It took Summoning seven years to release a new album. I would not be surprised if they were hard at work on it that whole time. Not quite as perfect as Let Mortal Heroes Sing Your Fame, Old Morning Dawn is nevertheless an instant essential within the Summoning discography, never wavering an inch from the solid sound they forged a decade ago. I can’t think of too many albums I’ve anticipated for this long that didn’t let me down (Falkenbach’s Tiurida in 2011 might be the most recent exception), and for that, coming from one of my favorite bands ever, Old Mornings Dawn easily slides in towards the top of my chart.

3. Cara Neir – Portals to a Better, Dead World (track: Peridot)

I remember when I was first getting into black metal and a friend of mine was doing the same with screamo. They seemed like two incommensurable paths at the time. We’d trade the best of what we found, and I love a lot of screamo because of it, but that was his genre and this was mine. There just wasn’t all that much in common between Carpathian Forest and City of Caterpillar.

Times have changed, and much for the better. I’ve tossed around “screamo” and “black metal” in the same sentence before (Roads to Judah), but this is certainly the most raw realization of the two as one that I have heard so far. Portals to a Better, Dead World is another fine product of a new era of metal artists informed beyond their flagship genre. It might not achieve the fame of Deafheaven’s Sunbather, but the two go hand in hand.

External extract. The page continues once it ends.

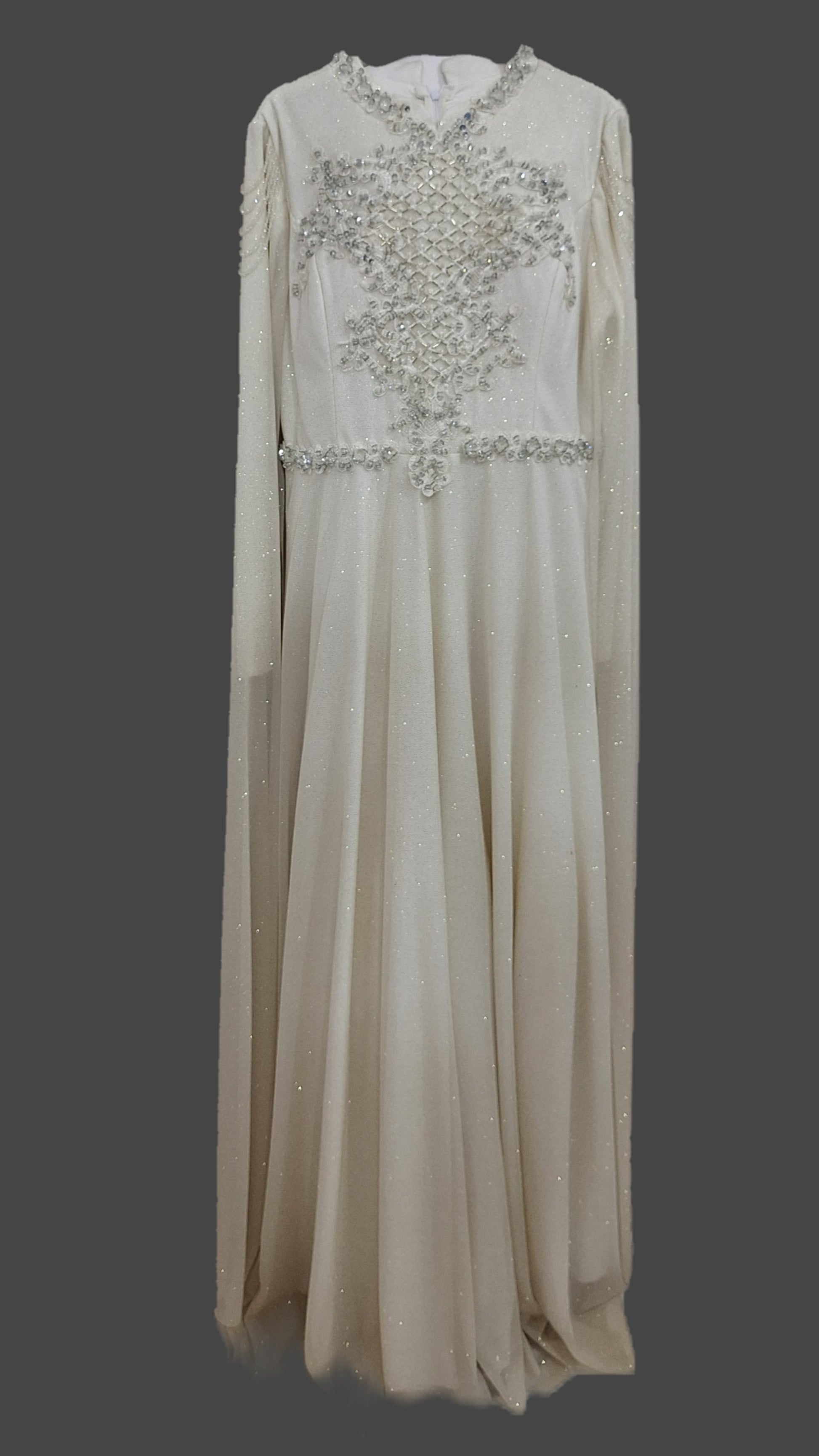 فستان سهرة ابيض شيفون مرصع بحجر كريستال

2. Deafheaven- Sunbather (track: Dream House)

And that brings us to the most hyped metal album of 2013. Sunbather turned more heads than Roads to Judah, and certainly more than Liturgy’s Aesthethica or Krallice’s Diotima back in 2011. But while the mainstream world regrettably failed to recognize that year as the grand coalescence of heavy metal’s mid-2000s paradigm shift, on Sunbather we reap its fruits. This album is not the novelty many would like to make of it; it is an affirmation of things already come to pass, and a glorious one at that. Music seems to come in sequences of waves, the reluctant undertow of their predecessors slowly dissipating beneath the growing weight of those rushing to shore. Sunbather basks in a new era of aesthetics and ingenuity first dreamed by the likes of Ulver, pressed into form by Agalloch and Alcest, and finally swept into the mainstream three years ago. Love it while it lasts, and amuse yourself with the die-hards that will rip this to shreds rather than embrace it.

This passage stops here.